El ministro de Exteriores español, Josep Borrell, ha llamado a "no hacer seguidismo" y ha apelado a que la Unión Europea adopte una posición común ante la nueva situación. 

Al otro lado del Atlántico, el cierre de filas de EEUU con Guaidó parece férreo y total. "Si Maduro y sus compinches eligen responder con violencia, dañar a cualquiera de la (AN) Asamblea Nacional o a otros responsables elegidos debidamente tenemos para adoptar todas las opciones encima de la mesa", ha declarado un alto funcionario de Washington a la agencia Efe. 

El papel del Ejército

La alta tensión que se ha desencadenado este 23 de enero de 2019 sólo se explica con el choque de legitimidades que chavismo y oposición llevan fraguando desde hace años. El aparato del Gobierno de Maduro no reconoce la legitimidad del Parlamento (Asamblea Nacional) desde hace años y resolvió la disputa imponiendo a las bravas una Asamblea Constituyente. Un órgano diferente al poder ejecutivo y al legislativo, con poderes "plenipotenciarios" y en teoría superior a la voluntad de Maduro. 
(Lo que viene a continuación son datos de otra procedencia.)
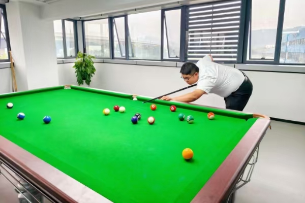 在臺(tái)球比賽區(qū)域,選手全神貫注地瞄準(zhǔn)著目標(biāo)球,每一次精準(zhǔn)的推桿都伴隨著觀眾的驚嘆聲。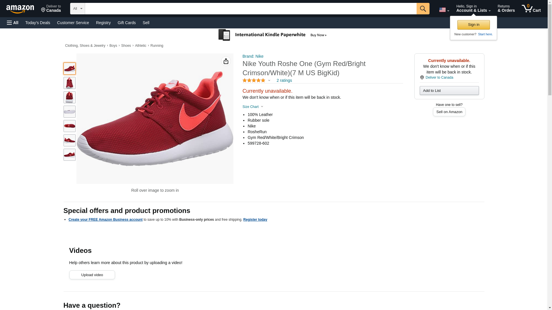 Nike Rosherun (GS) Boys Running Shoes 599728-602 Gym Red Bright Crimson-White 4.5 M US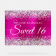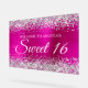Créez votre propre Sweet 16 - 16ème anniversaire fête bienvenue acrylique signe pour votre ami. Customisez la calligraphie moderne et élégante avec une police moderne de style tout casquette en noir pour créer votre propre signe personnalisé. La parties scintillant gris argenté brillant et le papier métallique rose chaud magenta sont créés avec des graphiques numériques qui s'impriment comme une photo sur votre panneau.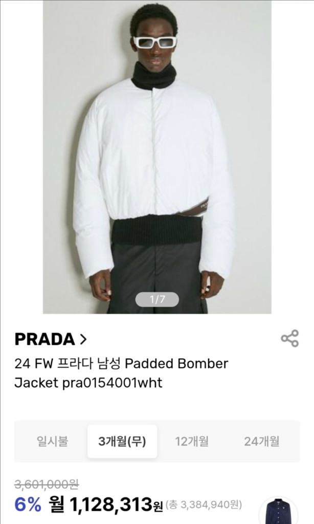 (새상품)프라다 남성 봄버 패딩자켓(M)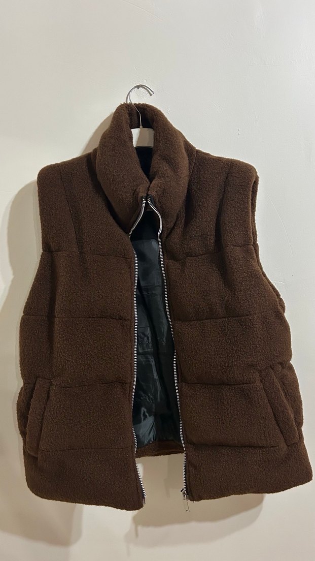 Kahverengi, yüksek yakalı, fitted kesim yelek. Yumuşak, sıcak kumaştan, pofuduk. Sayılı giyildi kusuru yok. Erkek ürünü ama unisex de kullanılabilir. Marka temsilidir.

La oposición venezolana y buena parte de la comunidad internacional no reconocieron la legitimidad de esta Asamblea y tacharon de "fraude colosal" las elecciones que la formaron. Unos comicios en los que hubo un millón de votos fantasma y que estuvieron precedidos de semanas de manifestaciones con varias víctimas mortales. 
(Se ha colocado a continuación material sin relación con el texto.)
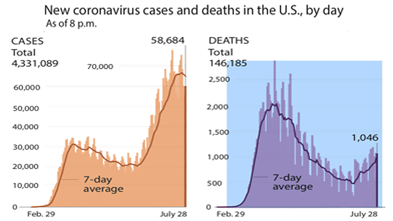 At least 4,315,000 coronavirus cases have been reported in the United States, with more than 54,000 added to the tally on Monday. More than 1,000 new fatalities were recorded Monday, raising the U.S. death toll to more than 145,000.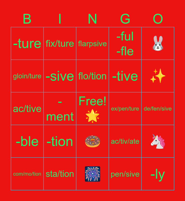 This bingo card has a free space and 24 words: -tion, sta/tion, flo/tion, com/mo/tion, 🐰, -ture, gloin/ture, fix/ture, ex/pen/ture, 🍩, -tive, ac/tive, ac/tiv/ate, 🦄, -sive, pen/sive, de/fen/sive, flarpsive, ✨, -ment, -ly, -ble, -ful -fle and 🎆.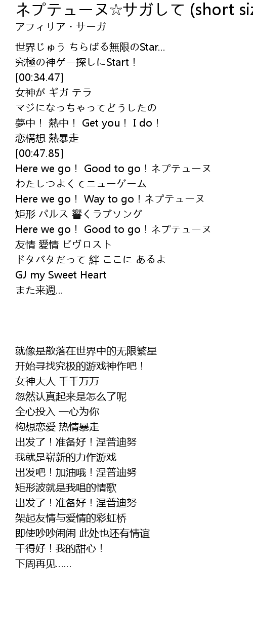 | [00:48.40] | Here we go! Good to go!ネプテューヌ |
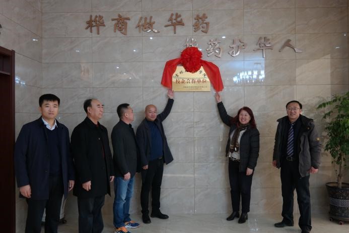与吉林省华药生物有限公司校企合作揭牌仪式。参加揭牌仪式的领导还有桦甸市政府经济开发区管委会周斌副主任,招商局王旭阳局长。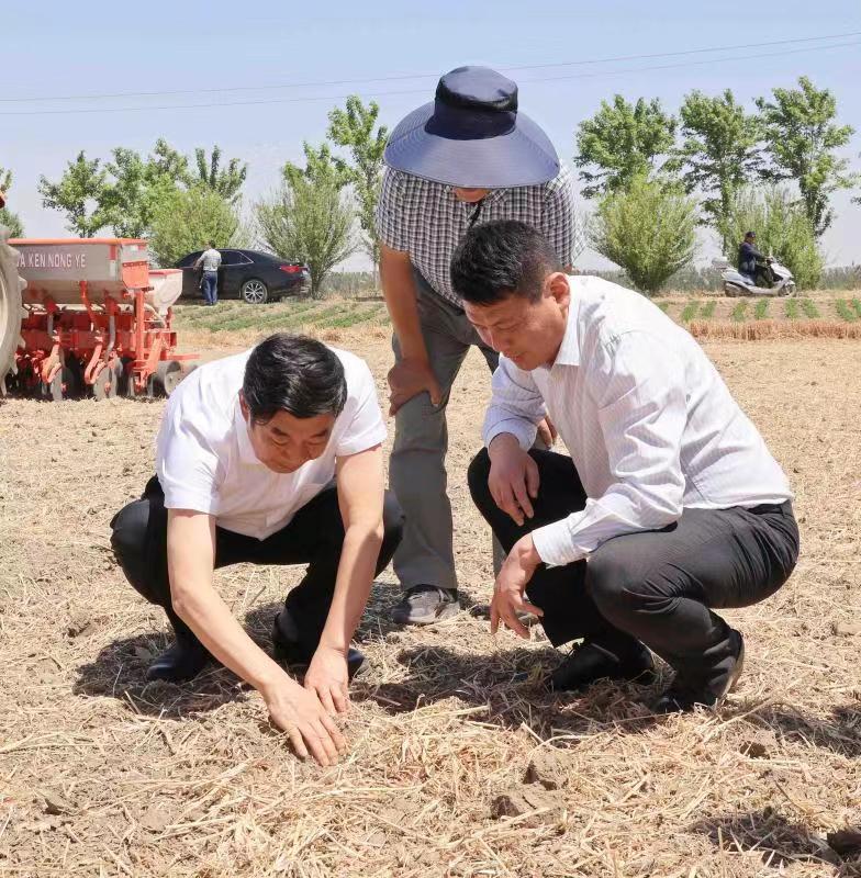 胡兆輝先后考察了蘇墾農(nóng)發(fā)股份公司崗埠分公司王溝生產(chǎn)區(qū)玉米大豆帶狀復(fù)合種植播種現(xiàn)場(chǎng)、耕地現(xiàn)場(chǎng)和崗埠生產(chǎn)區(qū)曬場(chǎng)糧食安全情況,并與檢查玉米大豆帶狀復(fù)合種植質(zhì)量的田間工作人員親切交談,對(duì)崗埠全場(chǎng)“一盤棋”、全力戰(zhàn)“三夏”給予充分肯定。胡兆輝指出,要提高政治站位,堅(jiān)決服從國(guó)家戰(zhàn)略需要,高質(zhì)量完成省委省政府交予的重要任務(wù)。要增強(qiáng)全局意識(shí),堅(jiān)定信心,服從指揮,把思想認(rèn)識(shí)行動(dòng)統(tǒng)一到集團(tuán)公司決策部署上來(lái),以“國(guó)之大者”的胸懷壓實(shí)責(zé)任擔(dān)當(dāng)。要堅(jiān)定不移推進(jìn)全面從嚴(yán)治黨,推動(dòng)黨建工作與產(chǎn)業(yè)融合發(fā)展,以高質(zhì)量黨建引領(lǐng)高質(zhì)量發(fā)展。胡兆輝強(qiáng)調(diào),要通過(guò)推進(jìn)玉米大豆帶狀復(fù)合種植推動(dòng)產(chǎn)業(yè)結(jié)構(gòu)優(yōu)化升級(jí),及時(shí)調(diào)整產(chǎn)業(yè)結(jié)構(gòu)和產(chǎn)品布局,加大機(jī)械投入,大力發(fā)展現(xiàn)代農(nóng)業(yè),力爭(zhēng)實(shí)現(xiàn)跨越式發(fā)展。要落實(shí)“藏糧于地、藏糧于技”以及藏糧于管戰(zhàn)略,嚴(yán)格執(zhí)行技術(shù)規(guī)程和試驗(yàn)示范工作方案,及時(shí)總結(jié)經(jīng)驗(yàn),確保玉米大豆帶狀復(fù)合種植任務(wù)按時(shí)完成,堅(jiān)決打贏玉米大豆帶狀復(fù)合種植播種這場(chǎng)硬仗。胡兆輝要求,要深刻理解做好“三夏”工作的重大意義,充分認(rèn)清“三夏”工作的復(fù)雜性、艱巨性、特殊性,攻堅(jiān)克難,主動(dòng)擔(dān)當(dāng)作為,全面抓好信訪穩(wěn)定、疫情防控、安全生產(chǎn)等工作,圍繞“五保一控”目標(biāo),誓奪“三夏”工作全面勝利,為江蘇農(nóng)墾高質(zhì)量完成10萬(wàn)畝玉米大豆帶狀復(fù)合種植貢獻(xiàn)崗埠力量。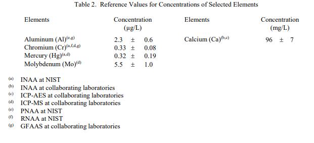 表 2 中提供了其他元素濃度的參考值。參考值是非認證值,是對真實值的最佳估計。但是,這些值不符合 NIST 認證標準,并且提供了相關的不確定性,這些不確定性可能僅反映測量精度,可能不包括所有不確定性來源,或者可能反映多種分析方法之間缺乏足夠的統計一致性 [2]。

El mutuo desconocimiento de ambos bandos y la alta tensión en las calles ha convertido de nuevo Venezuela en un polvorín al borde de una guerra civil. El Ejército será clave en el mantenimiento del orden y en el futuro inmediato del país y de sus dos presidentes

"Los cuadros de arriba están comprometidos con Maduro. Los mandos intermedios o bajos, los que pasan hambre y están oprimidos, pueden dejar de obedecer órdenes arbitrarias para no estar comprometidos ante la nueva situación", advierte a EL ESPAÑOL una fuente conocedora del Ejército venezolano.  
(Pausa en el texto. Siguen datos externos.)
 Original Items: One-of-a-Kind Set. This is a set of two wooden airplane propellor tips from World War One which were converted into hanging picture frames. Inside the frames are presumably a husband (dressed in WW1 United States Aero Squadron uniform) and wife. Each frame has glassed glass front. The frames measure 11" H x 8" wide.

Por lo pronto, Nicolás Maduro rompe las relaciones diplomáticas con Washington y ha dado 72 horas para que todos los trabajadores de la embajada estadounidense abandonen Venezuela. En paralelo, la maquinaria legal del Tribunal Supremo (controlado por el chavismo) se ha puesto en marcha para "tomar medidas de manera inmediata" ante la "conducta delictiva" del Parlamento.  "Esta sala exhorta al Ministerio Público a determinar las responsabilidades que pudieran tener los integrantes de la Asamblea Nacional ante la objetiva materialización de conductas constitutivas de tipo delictivo", ha declarado el magistrado Juan José Mendoza.